== WHAT YOU SHOULD DO ==
For the data below, transcribe the part that opens with the line containing "讲座围绕引力波的探测及其它天" and closes with the line containing "注意我们上面定义日志的lev", exactly and with no pictures.

== RECORDS SUPPLIED ==
········

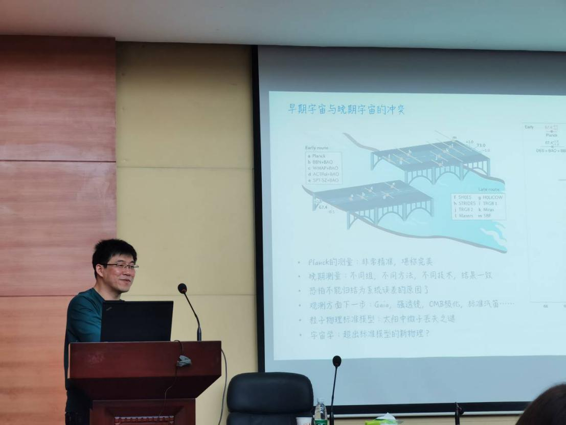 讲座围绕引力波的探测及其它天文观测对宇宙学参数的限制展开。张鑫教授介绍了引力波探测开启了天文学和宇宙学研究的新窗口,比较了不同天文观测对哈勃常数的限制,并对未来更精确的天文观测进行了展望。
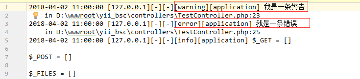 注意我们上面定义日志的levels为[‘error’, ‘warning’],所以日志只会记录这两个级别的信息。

········

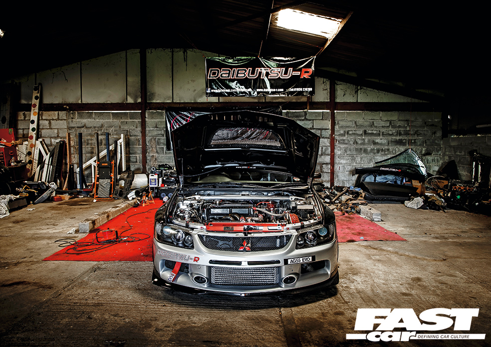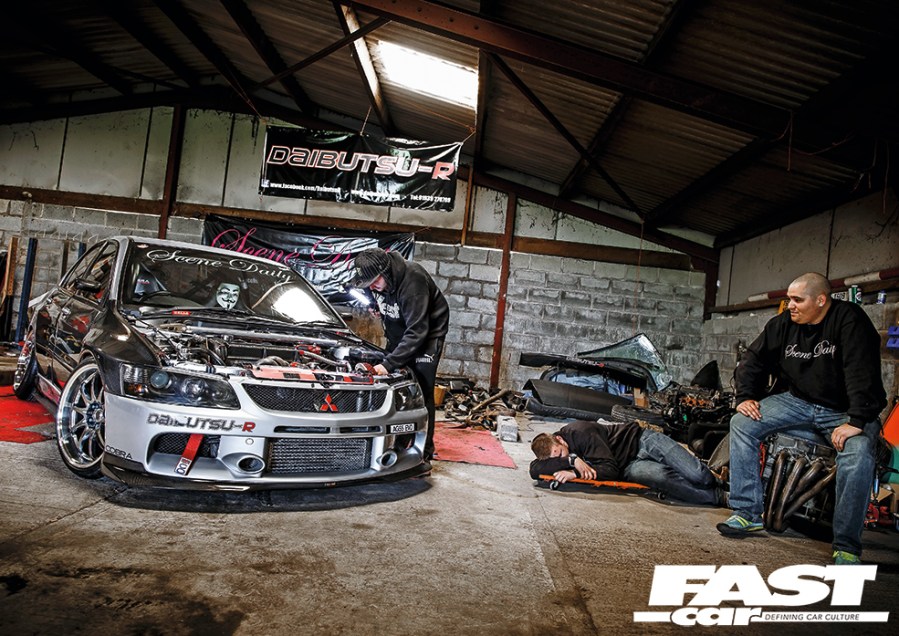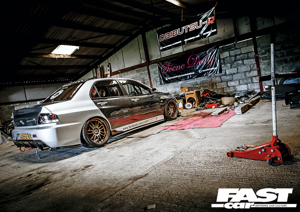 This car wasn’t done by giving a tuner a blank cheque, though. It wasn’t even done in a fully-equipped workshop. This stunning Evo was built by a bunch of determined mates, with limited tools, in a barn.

········

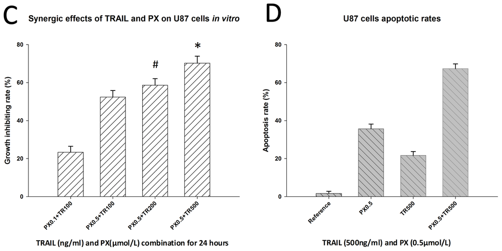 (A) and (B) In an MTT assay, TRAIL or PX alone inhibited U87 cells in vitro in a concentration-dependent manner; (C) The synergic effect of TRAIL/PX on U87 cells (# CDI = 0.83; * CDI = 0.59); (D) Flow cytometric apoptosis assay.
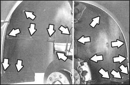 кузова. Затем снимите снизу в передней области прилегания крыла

········

== ANSWER FOR THIS EXERCISE ==
 讲座围绕引力波的探测及其它天文观测对宇宙学参数的限制展开。张鑫教授介绍了引力波探测开启了天文学和宇宙学研究的新窗口,比较了不同天文观测对哈勃常数的限制,并对未来更精确的天文观测进行了展望。
 注意我们上面定义日志的levels为[‘error’, ‘warning’],所以日志只会记录这两个级别的信息。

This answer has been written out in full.